D. Mayer Amschel Rothschild established a banking business in Frankfurt, Germany in the 1760’s, and this bank went on to become an international banking institution as members of the family established Rothschild Banks throughout Europe. Isaias Hellman worked for the Rothschild Bank in Bavaria in the mid-1800’s, before deciding to emigrate to America. Upon arriving in California, Hellman partnered with Francisco Temple to established Hellman, Temple and Co., Los Angeles’s first official bank, with funding from the Rothschild family.
E. Hellman arrived in California in 1859 and worked as a clerk in his cousin’s dry goods store. He eventually opened his own store, where as a courtesy he would store his customers’ valuables in the store safe. One customer who kept gold in the safe would often come in while drunk and withdraw some of his gold. At one point, this customer went to retrieve some of the gold when he was sober, and upon discovering much of the gold gone, he wrongly accused Hellman of theft and attacked him. Hellman realized that this informal storage system was not a good idea, so he printed business cards reading “I.W. Hellman, Banker” and began providing deposit books to customers.
Gene Wilder, z”l
The great Gene Wilder, star of such wonderful movies as Blazing Saddles, The Producers, The Frisco Kid, Willy Wonka & the Chocolate Factory, and Young Frankenstein, passed away last week. How did Wilder describe the role of Judaism in his life?

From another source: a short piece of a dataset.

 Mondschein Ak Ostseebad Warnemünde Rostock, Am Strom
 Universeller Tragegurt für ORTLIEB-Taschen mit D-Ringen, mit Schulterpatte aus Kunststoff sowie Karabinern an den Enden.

WONKA making some magical MEDICINE by Joe Madonna is licensed under CC BY 2.0.
A. I’m not at all religious, although I am certainly Jewish–which, to me, means that my mother showed up at my Hebrew school in the afternoon and brought me a piece of kugel or a bialy so I wouldn’t starve before dinner.
B. I’m not at all religious, although I am certainly Jewish–which, to me, means that my parents stopped talking to me when I married my first wife, who wasn’t Jewish, and continued not to talk to me when I married my second wife, who also wasn’t Jewish (though they did speak to my wives.) Only when I married my third wife, Gilda, who of course was Jewish, did my parents finally start speaking to me again.

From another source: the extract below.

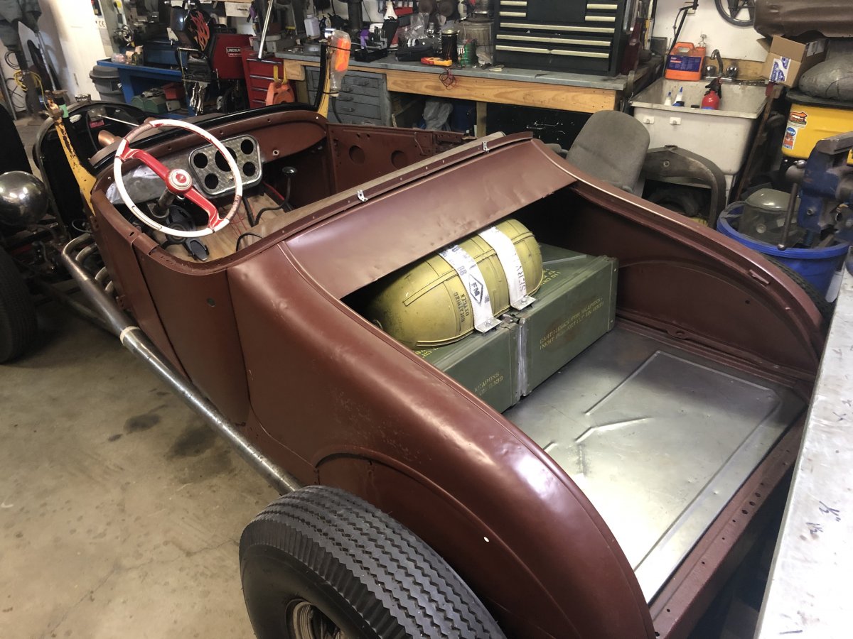 Heres a 26 I've been slowly tinkering with. Im going for the early gow job look. Ive got some early Houk wire wheels that I'm restoring for it. I reversed the spring eyes but eventually I want to lower it more. Also thinking about putting the side aprons back on. The windshield will also get chopped. Im trying to keep it a running driving car as long as possible while doing everything on a shoestring budget. 20190331_112222.jpeg

C. Of course, The Producers was brilliantly written by Mel Brooks. But I did contribute a few lines, including when my character, Leo Bloom, said: “I’m hysterical! I’m having hysterics. I’m hysterical. I can’t stop when I get like this. I can’t stop. I’m hysterical. Oh my god. Ah-la-la-la.” That basically summed up my world view on being Jewish.
D. I’m not at all religious, although I am certainly Jewish–which, to me, means that my father, who came from a shtetl in Poland would sing niggunim on Friday night. So my Judaism was just a feeling I got from that music. I can still hear him now. “Ay, di di di die die die.” “Bum diddy dum dum bim bum bum bum.” “Oy yoy, oy. Yoy diddly doy.” “Oompa loompa doom-pa-dee doo.”
E. I’m not at all religious, although I am certainly Jewish–which, to me, means that my parents hugged and kissed me a lot as I was growing up.